**EXERCISE DETAILS:** Every line below from the one with "10. Median RTT 0.312 seconds" through the one with "Художница держит в" is to be repeated exactly, with no picture among them.

[Data items]
↓

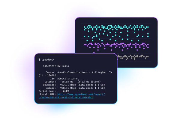 Speedtest CLI นำเทคโนโลยีที่เชื่อถือได้และเครือข่ายเซิร์ฟเวอร์ระดับโลกที่อยู่เบื้องหลัง Speedtest มาสู่บรรทัดคำสั่ง ออกแบบมาสำหรับนักพัฒนาซอฟต์แวร์, ผู้ดูแลระบบ และผู้ที่ชื่นชอบคอมพิวเตอร์ Speedtest CLI เป็นแอปพลิเคชัน Speedtest เนทีฟสำหรับ Linux แอปพลิเคชันแรกที่ได้รับการสนับสนุนโดย Ookla® อย่างเป็นทางการ
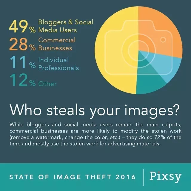 Pixsy共对800名受访者的进行了调查,调查结果对摄影师了解其作品被盗情况以及如何采取版权保护提供了有益的参考。统计数据显示:在过去一年里,64%的摄影师经历过图片盗用;50%的盗用者是博主和社交媒体用户;84%的摄影师从未向美国版权局注册过作品。
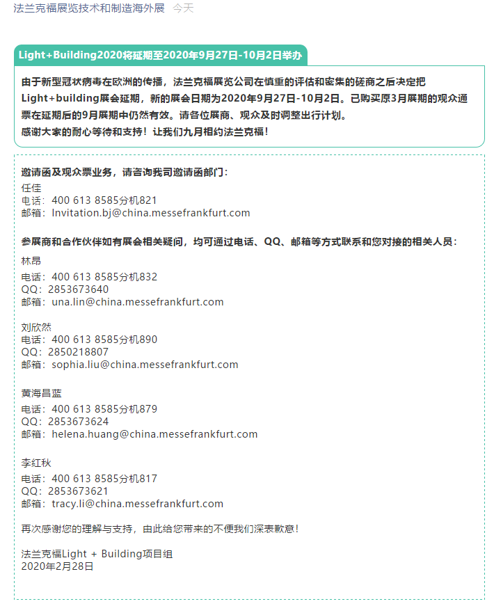 根據(jù)照明展展臺設(shè)計(jì)公司領(lǐng)藝展覽了解到,由于新型冠狀病毒在歐洲的傳播,法蘭克福展覽公司在慎重的評估和密集的磋商之后決定把Light+building展會延期,新的展會日期為2020年9月27日-10月2日。已購買原3月展期的觀眾通票在延期后的9月展期中仍然有效。請各位展商、觀眾及時(shí)調(diào)整出行計(jì)劃。感謝大家的耐心等待和支持!讓我們九月相約法蘭克福!如需照明展展位設(shè)計(jì)裝修請聯(lián)系領(lǐng)藝展覽,希望我們能在照明展布展搭建上為您添磚加瓦,祝各位朋友收獲多多,滿載而歸!
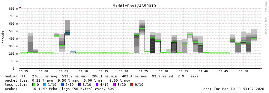 10. Median RTT 0.312 seconds
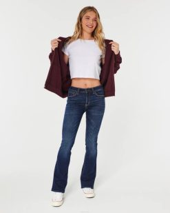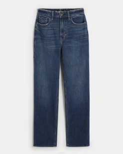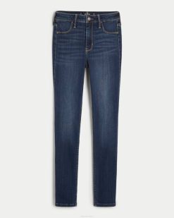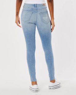 zaobljene visoke srednje isprane traperice s printom leptira, super uske traperice srednje pranje žene Hollister dna ZV8T732
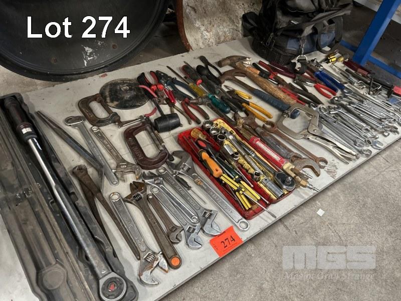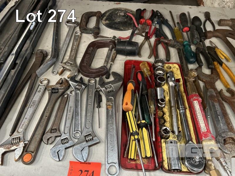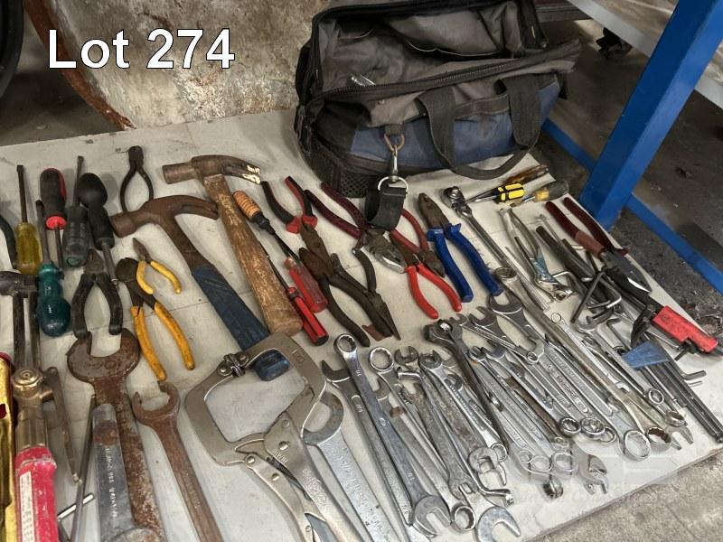 QUANTITY ASSORTED HAND TOOLS, INCLUDING NORBAR TORQUE WRENCH 340, SHIFTERS, VICE GRIPS, HAMMERS, SPANNERS, PLIERS, CUTTERS, ETC WITH SOCKET SET & TOOL BAG
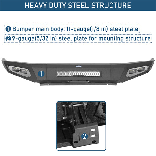 - Heavy-duty 11-gauge(1/8 inch) steel plate for bumper main body, 9-gauge(5/32 inch) steel plate for winch plate and mounting structure
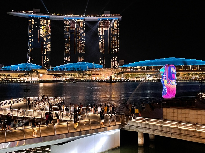 儘管是平日晚上,濱海灣的燈光秀及投影秀都吸引不少民眾駐足觀賞、拍照,彷彿大家都漸漸習慣疫情下的生活。
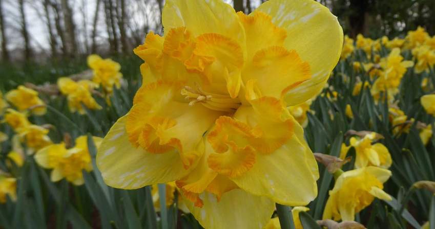 Нарцисс Blazing Starlet (Блейзинг Старлет). Лимонно-желтый с кремово-желтой коронкой и эффектной гофрированной оранжевой каймой, устойчив к ветру и дождю, высота растения 40 см.
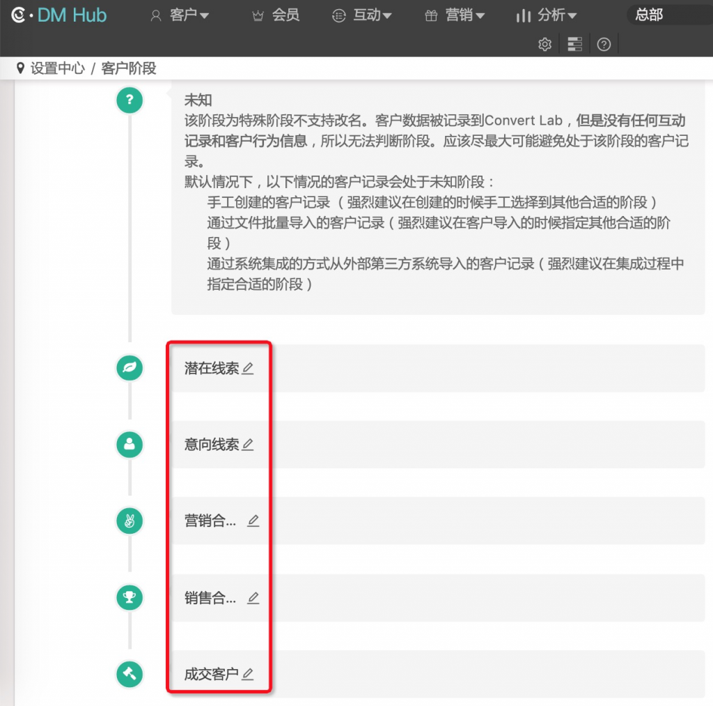 第一步,在DM Hub清晰定义客户从潜在线索到成交客户的全旅程阶段。
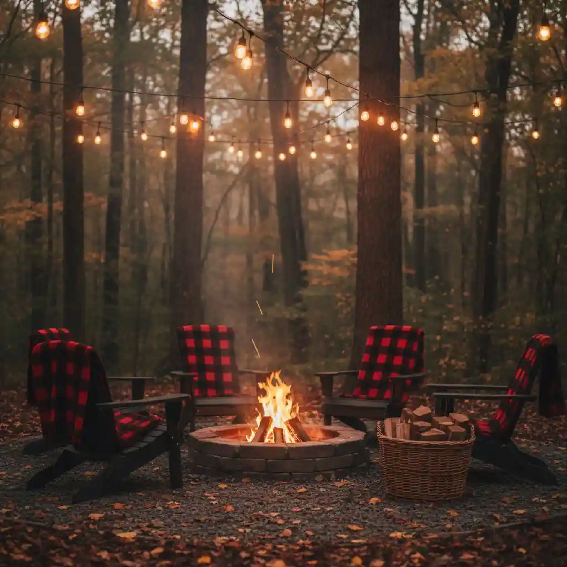 The "Cozy Fire Pit Vignette": Hang string lights overhead, and provide a blanket basket and a hot cocoa station.
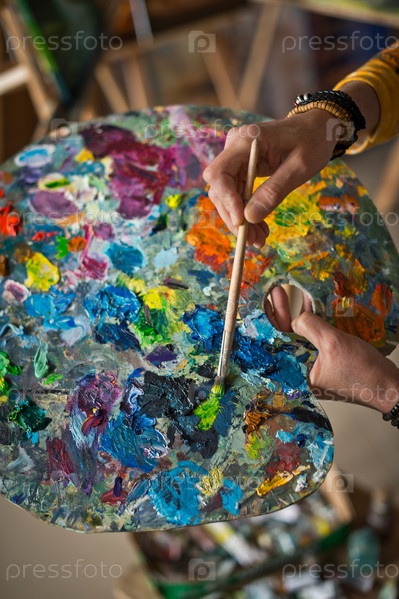 Художница держит в руке палитру и смешивает 2877 цветов
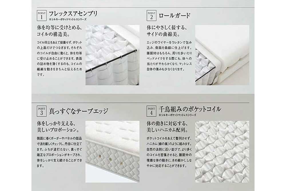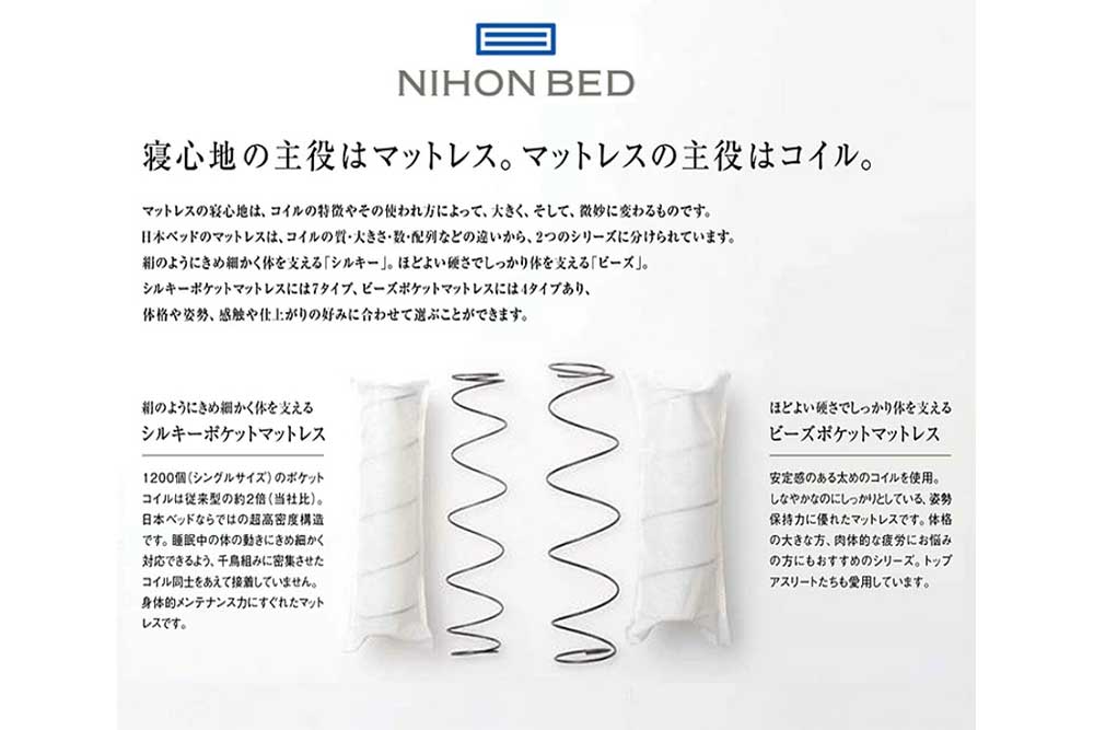 A mattress that incorporates high density pocket coils, each of which is an independent spring. This is the answer to a quality sleep. By distributing body pressure appropriately and suppressing excessive tossing and turning, it prevents energy loss. Vibrations are not easily transmitted throughout the mattress, so there is no need to worry about disturbing your sleep. And the attention to detail in the comfort of the mattress is unique to Nippon Bed. It is a shape born from experience and technical skill.
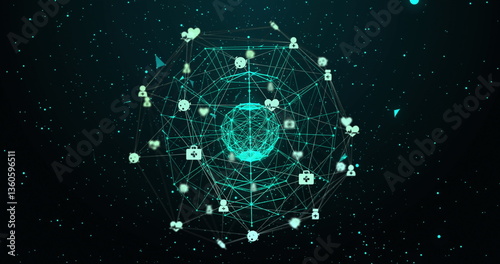 © vectorfusionart, Obraz premium Interconnected icons glowing on futuristic digital network interface display
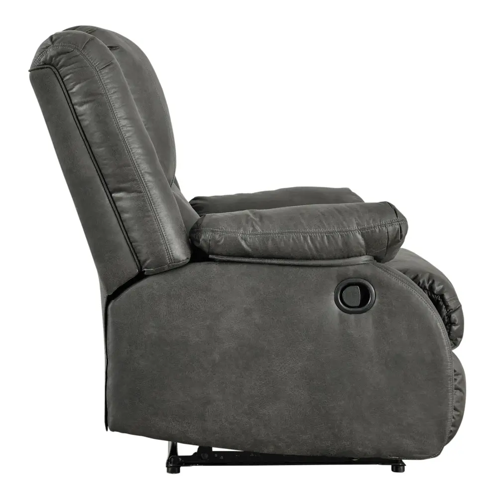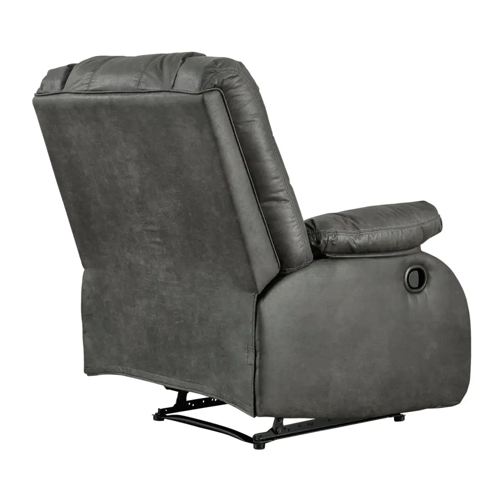 Make a big impression in a smaller footprint with this chicly styled zero wall recliner. Thanks to its space-conscious design that requires a mere three inches between the wall and chair back, you can stretch out more smoothly. Wrapped in a fabulous faux leather loaded with pebbly texture and tonal variation that looks so natural, this designer recliner sports contoured tufting and contrasting baseball stitching for a style home run.

↑

**REPLY TO THE TASK:**
 10. Median RTT 0.312 seconds
 zaobljene visoke srednje isprane traperice s printom leptira, super uske traperice srednje pranje žene Hollister dna ZV8T732
 QUANTITY ASSORTED HAND TOOLS, INCLUDING NORBAR TORQUE WRENCH 340, SHIFTERS, VICE GRIPS, HAMMERS, SPANNERS, PLIERS, CUTTERS, ETC WITH SOCKET SET & TOOL BAG
 - Heavy-duty 11-gauge(1/8 inch) steel plate for bumper main body, 9-gauge(5/32 inch) steel plate for winch plate and mounting structure
 儘管是平日晚上,濱海灣的燈光秀及投影秀都吸引不少民眾駐足觀賞、拍照,彷彿大家都漸漸習慣疫情下的生活。
 Нарцисс Blazing Starlet (Блейзинг Старлет). Лимонно-желтый с кремово-желтой коронкой и эффектной гофрированной оранжевой каймой, устойчив к ветру и дождю, высота растения 40 см.
 第一步,在DM Hub清晰定义客户从潜在线索到成交客户的全旅程阶段。
 The "Cozy Fire Pit Vignette": Hang string lights overhead, and provide a blanket basket and a hot cocoa station.
 Художница держит в руке палитру и смешивает 2877 цветов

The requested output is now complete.